■ Provided information:
- - -

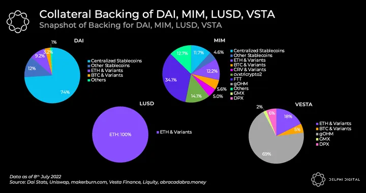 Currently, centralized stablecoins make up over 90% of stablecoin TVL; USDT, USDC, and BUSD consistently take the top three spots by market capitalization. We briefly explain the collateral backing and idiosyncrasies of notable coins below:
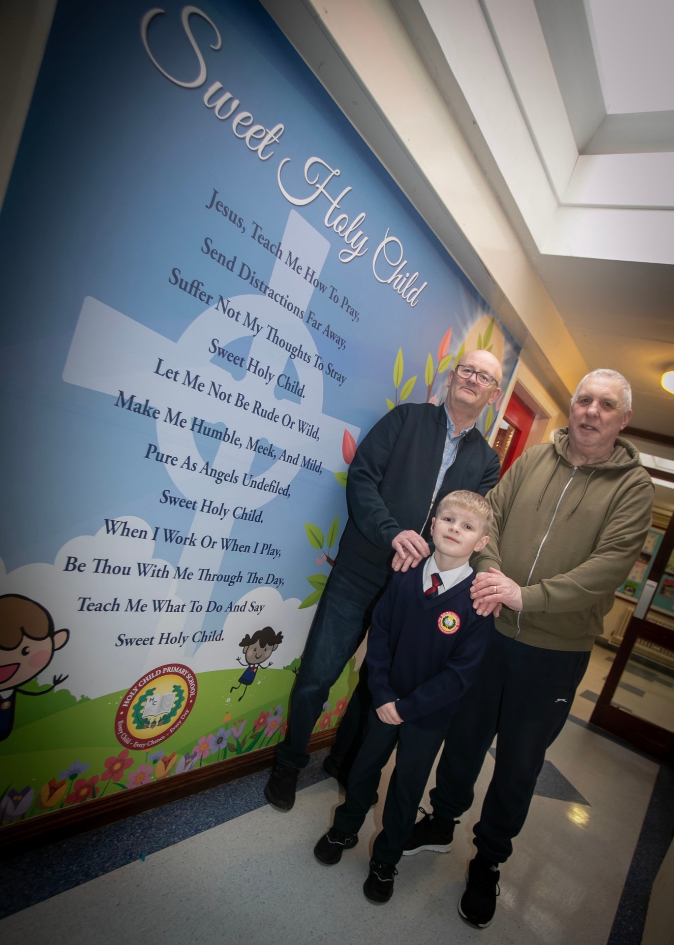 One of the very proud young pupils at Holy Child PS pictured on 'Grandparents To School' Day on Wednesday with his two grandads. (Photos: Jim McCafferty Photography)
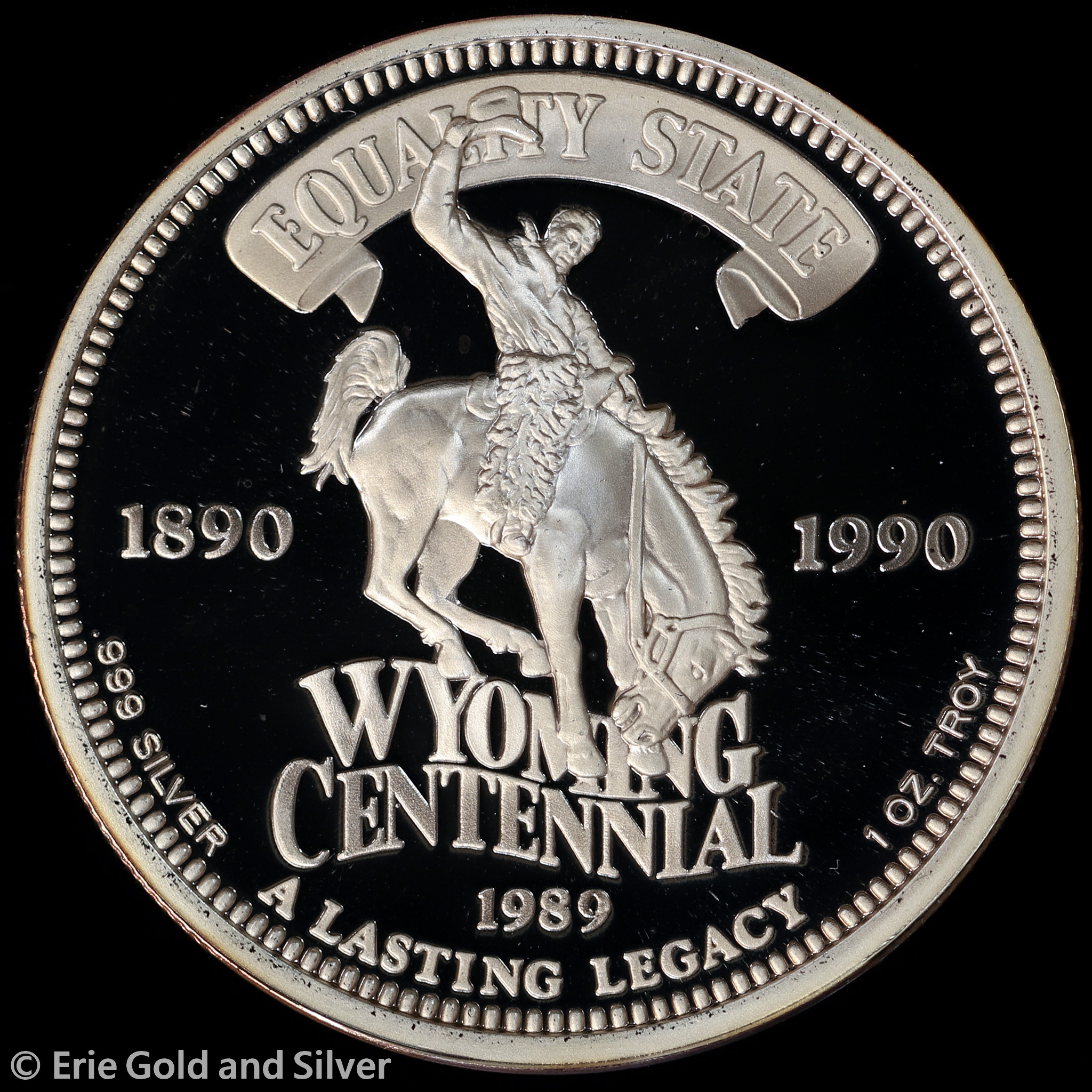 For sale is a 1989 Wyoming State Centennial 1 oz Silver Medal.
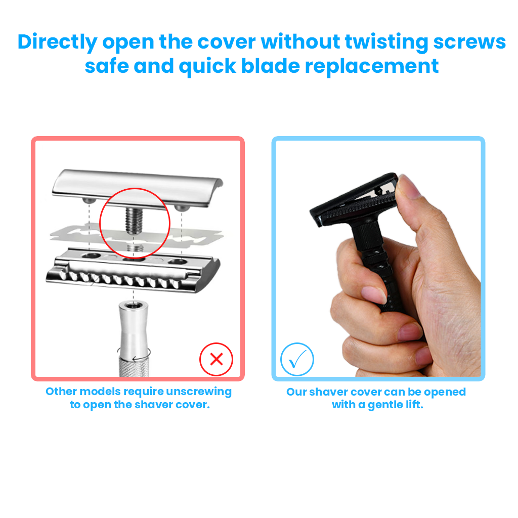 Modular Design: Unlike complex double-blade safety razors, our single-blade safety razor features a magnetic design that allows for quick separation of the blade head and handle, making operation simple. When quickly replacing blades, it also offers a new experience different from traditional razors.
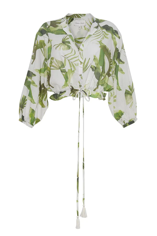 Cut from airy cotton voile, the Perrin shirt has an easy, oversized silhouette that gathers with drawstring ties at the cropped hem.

- - -

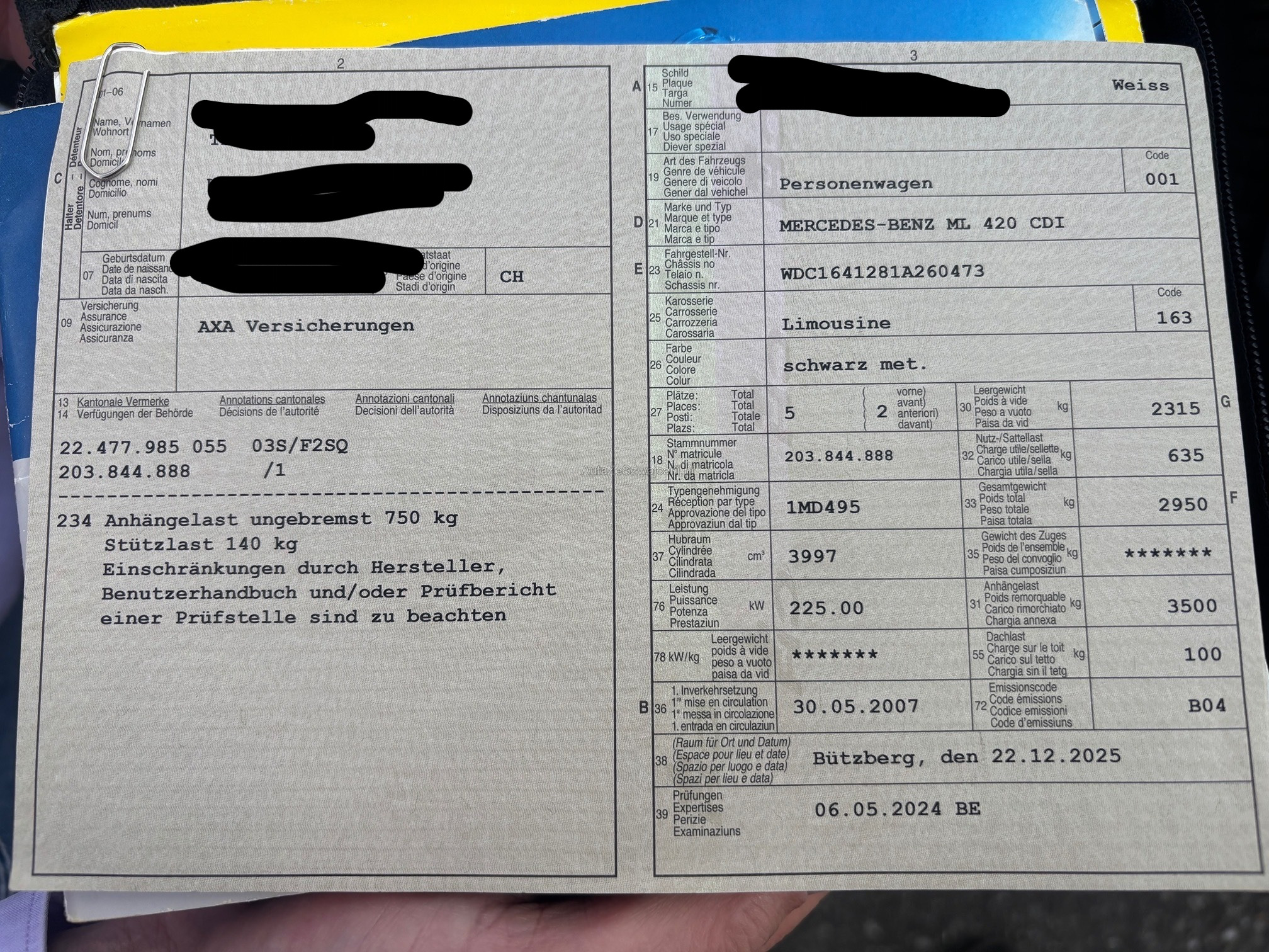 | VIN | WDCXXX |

- - -

■ Assignment: Pictures aside, print exactly the lines above starting with the one containing "One of the very" and going on through the one containing "Cut from airy".

■ Output for this exercise:
 One of the very proud young pupils at Holy Child PS pictured on 'Grandparents To School' Day on Wednesday with his two grandads. (Photos: Jim McCafferty Photography)
 For sale is a 1989 Wyoming State Centennial 1 oz Silver Medal.
 Modular Design: Unlike complex double-blade safety razors, our single-blade safety razor features a magnetic design that allows for quick separation of the blade head and handle, making operation simple. When quickly replacing blades, it also offers a new experience different from traditional razors.
 Cut from airy cotton voile, the Perrin shirt has an easy, oversized silhouette that gathers with drawstring ties at the cropped hem.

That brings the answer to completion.